Despite the corporate crisis, the Dak Doa complex project continued to move forward. Even so, it soon hit a major stumbling block. The company had committed to ensure that any pines disturbed by the project would be safely replanted. But after work commenced in July 2022, about 4,500 of the forest’s 50-year-old pine trees died. Provincial authorities suspended the project, looking to hire experts and scientists who could manage the safe relocation of the remaining trees.

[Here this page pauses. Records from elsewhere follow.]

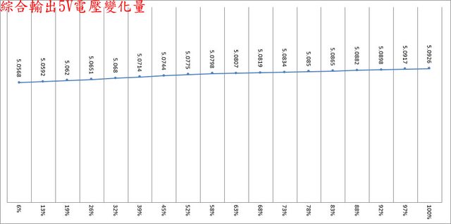 時12V漣波波形改變;輸出12V/6A以上12V漣波波形固定,只改變振幅。於綜合全負載輸出
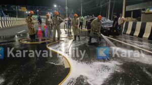 സ്കൂട്ടറുമായി കൂട്ടിയിടിച്ച കാറിന്റെ ടാങ്ക് തകര്ന്ന് ഡീസല് റോഡില് പരന്നൊഴുകി ഗതാഗതം തടസ്സപ്പെട്ടു; ഫയര്ഫോഴ്സ് എത്തി റോഡ് കഴുകി വൃത്തിയാക്കി Tuesday, 4 November 2025, 11:40
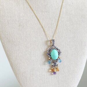 14k Yellow Gold Turquoise Multi Gemstone Chandelier Pendant Chain Necklace 18"
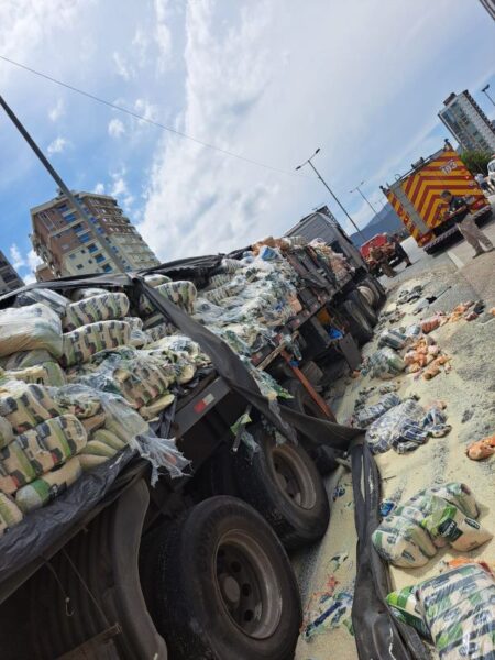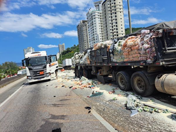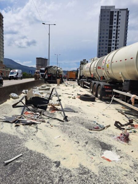Um acidente de trânsito envolvendo dois caminhões e dois veículos de passeio mobilizou equipes de resgate na BR-101, em Itapema, nesta semana. A ocorrência foi atendida pela guarnição do Corpo de Bombeiros, que encontrou duas pessoas feridas em um dos automóveis envolvidos.
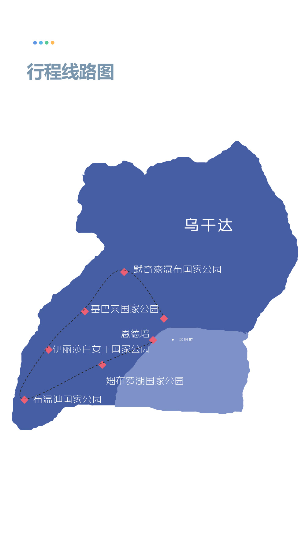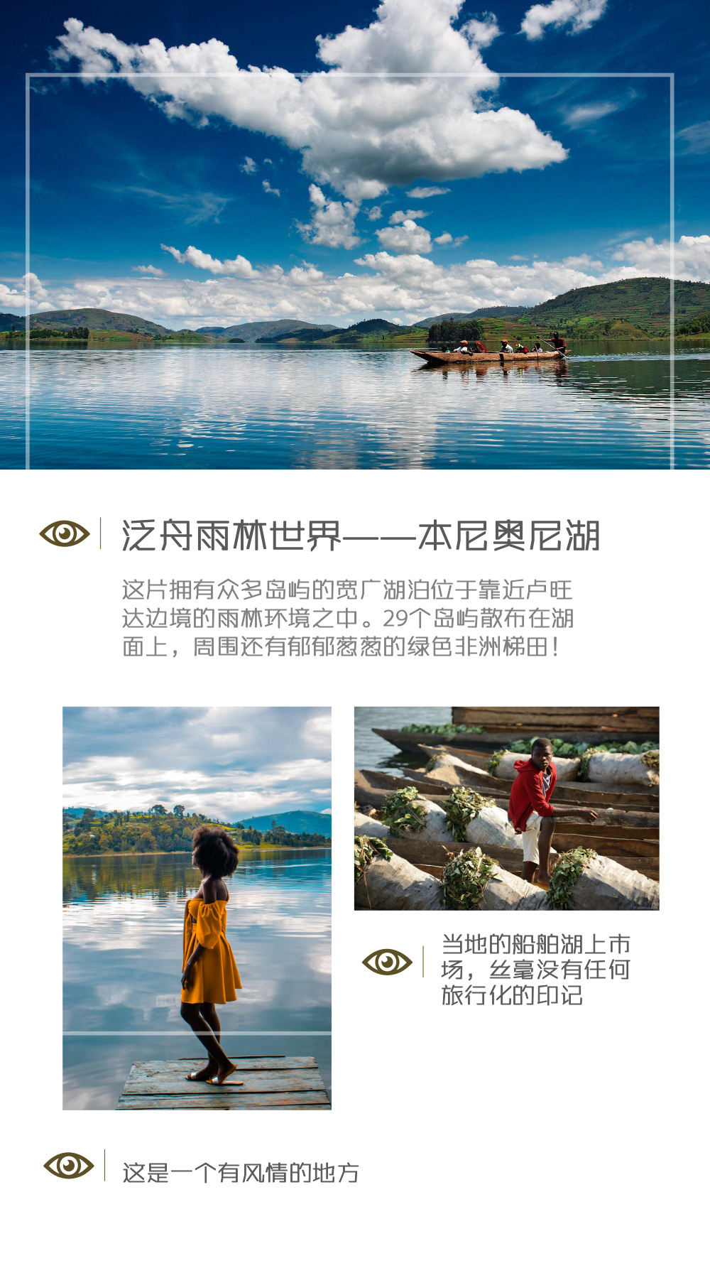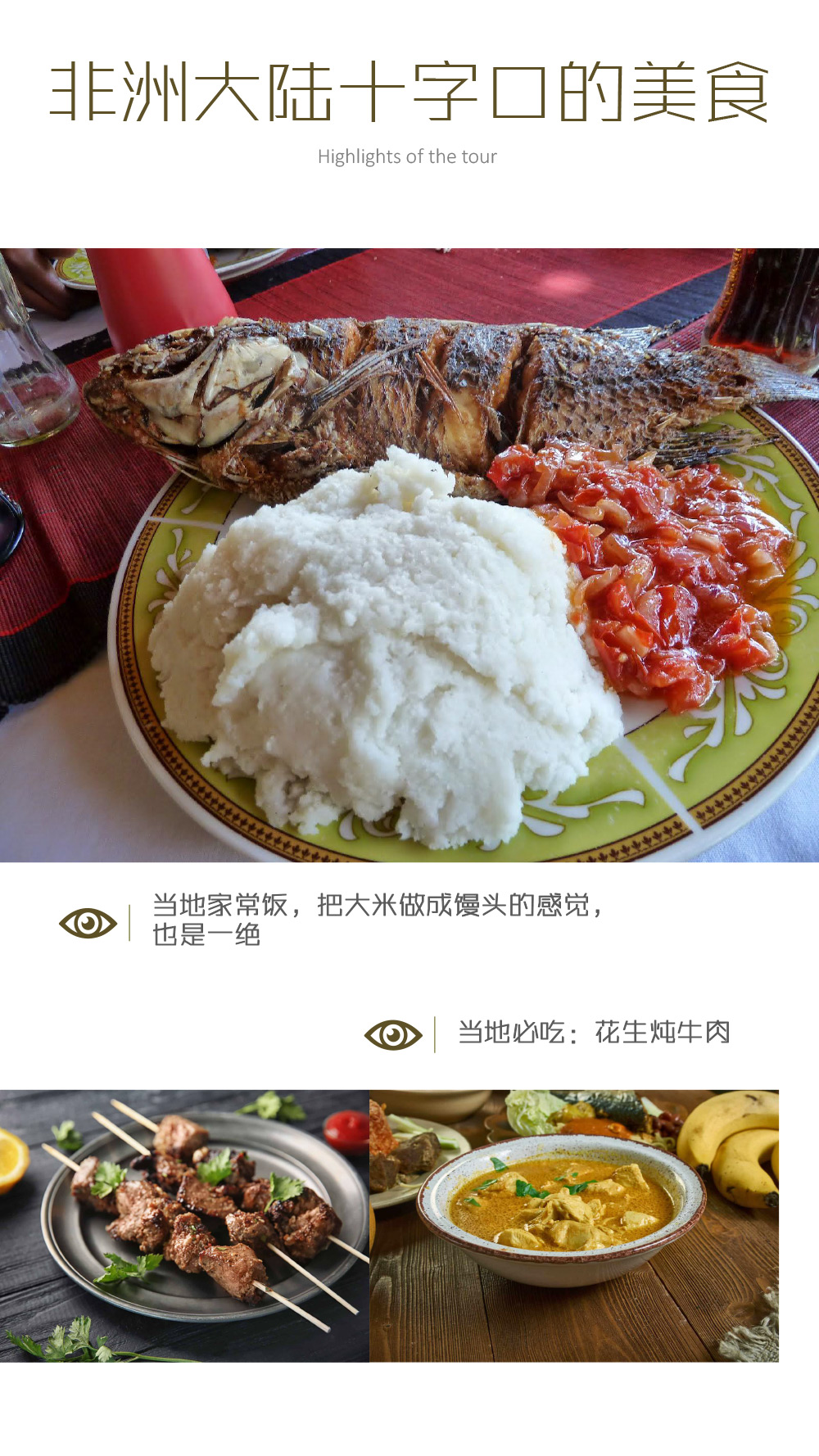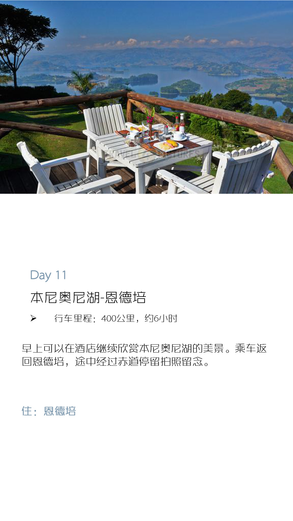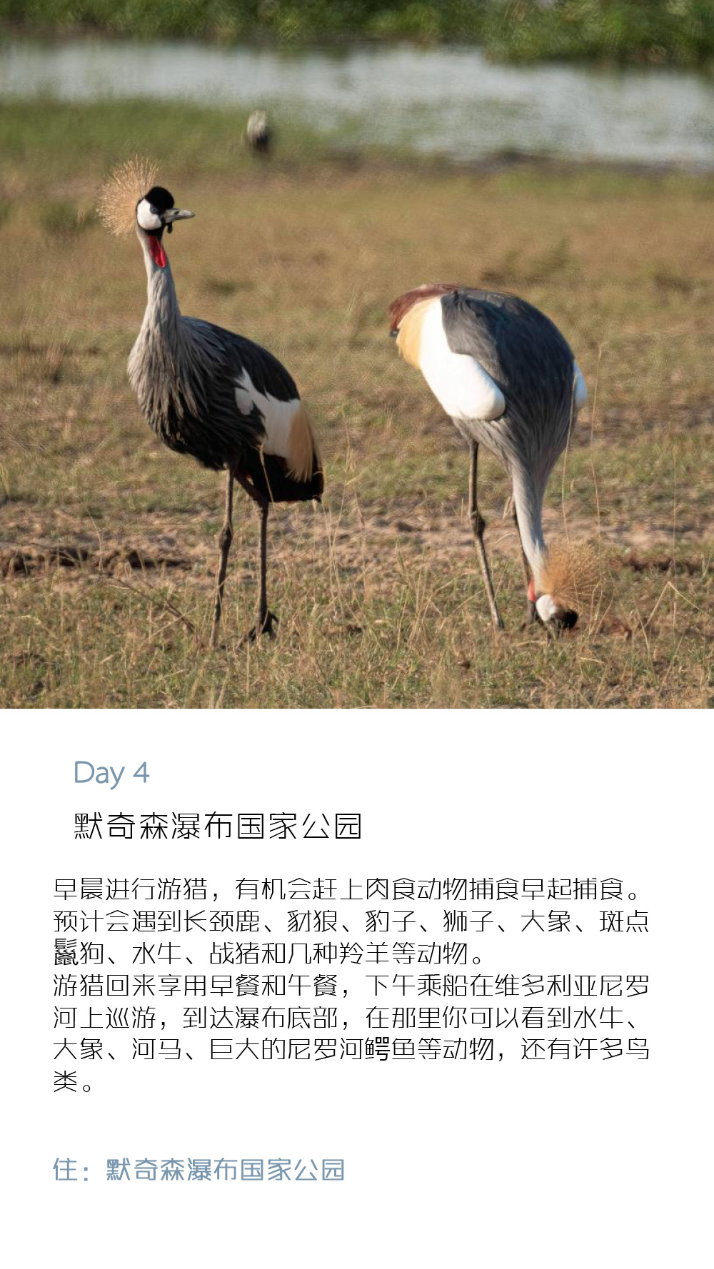 布温迪&基巴莱两处猩猩家园追寻人类近亲踪影;2晚连住默奇森瀑布公园,并进行原始河道巡游;乌干达4大国家公园+本尼奥,尼湖全景式深度游览;走进当地多彩民族的风情世界;下榻在国家公园内的奢牌酒店;品尝乌干达传统美食;全程开顶四驱越野车,美 容皆安排窗边位置
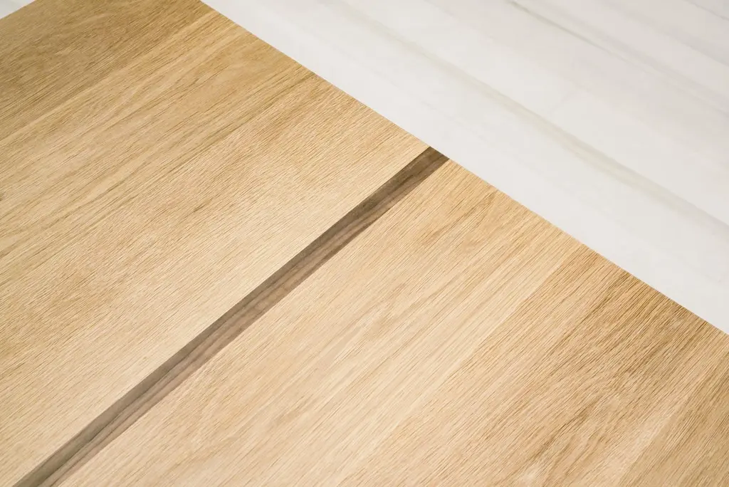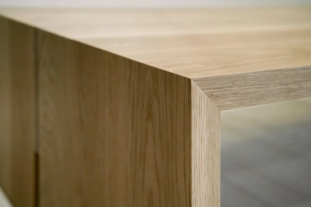 This custom coffee table is hand-made in the United States with all hardwood construction. It features a modern rectangle waterfall design with a solid white oak body and a minimalist walnut inlay detail. The inlay ends adding a unique lightness to the design. The contemporary style can anchor a modern rustic space or a contemporary space with clean lines. The finish brings out the beautiful golden tones of white oak and is not orange-y or pink. This piece can be ordered in 4 finishes: Oak, Walnut, Ash or Matte blackJameson Collection by Lynnea Jean.Inspired by a 20th century primitive stool, the Jameson collection is the first furniture line from Lynnea Jean Interiors.Known for her laidback California aesthetic merged with classic silhouettes, Lynnea Jean is inspired by pieces lovingly passed down through generations. The custom furniture collection features luxurious clean lines and fine details, resulting a timeless aesthetic. Additionally, we only work with the finest, sustainably sourced materials. Dedicated craftspeople build each piece by hand with meticulous detailing in their downtown Los Angeles workshop.Lynnea Jean offers complete custom capabilities to the trade. To inquire, specify the dimensions, select the finish and consider adapting the design details. From where you create to where you dine to where you sleep, the Jameson collection is here to become a part of your everyday moments and your most cherished memories.
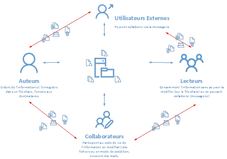 Ceci passe par l’intégration des outils (Exchange, SharePoint, OneDrive, Office, Dynamics), la coédition, la mise en place de niveaux de permissions par utilisateurs ou par groupes d’utilisateur, de versioning, ainsi que la possibilité de gérer le cycle de vie des informations.
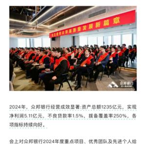 近期,机构之家从“众邦银行微讯”公众号了解到,在2025年度工作会议暨表彰大会中,也同步披露了去年业绩概况:2024年,资产总额1235亿元,实现净利润5.11亿元,不良贷款率1.5%,拨备覆盖率250%。该行自我评价为:“经营成效显著”、“各项指标持续向好”。
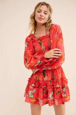 Long Sleeve Square Neck Smocked Ruffle Mini Dress Nuuly Very well made.
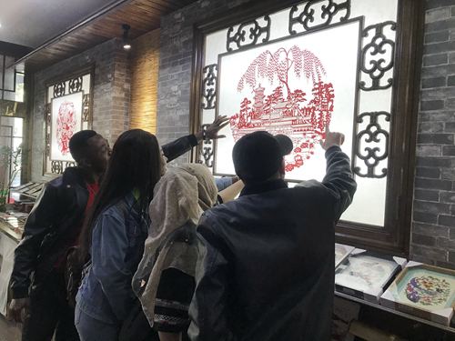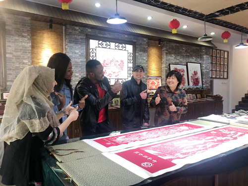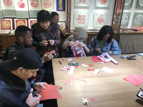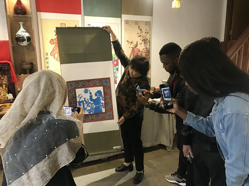 剪纸艺术传承人石俊凤大师为留学生展示作品

Meanwhile, trouble was also brewing  for Gia Lai’s leaders. In a meeting in Hanoi in July 2022, the Communist Party organ responsible for fighting corruption and disciplinary violations within the party sanctioned several senior leaders from the province. According to the inspection commission, Gia Lai’s leaders were responsible for a series of violations in land management, planning, investment, construction, bidding, housing construction, and forest protection and development — a list of infractions that included dishonest reporting to superior authorities when proposing the approval of the investment policy for the Dak Doa golf course project.

Neither the FLC Group nor representatives of the Gia Lai provincial administration agreed to interview requests for this story.

Several experts consulted say it’s hard to guess whether the project will ultimately be canceled. Vietnam’s current investment law allows an approved project to continue regardless of its investor. This makes it possible for FLC to sell the project to another developer. Already, in July 2022, FLC’s board of directors approved a plan to secure some of the company’s debt obligations by mortgaging land plots intended to be used as part of the residential villa project.

“Personally, I do not want to cancel the project after its start,” says the owner of a state-owned commercial office. “I would rather punish the violator. The cancellation might threaten the stability of the business environment after implementation contracts were signed and loan disbursements were done.”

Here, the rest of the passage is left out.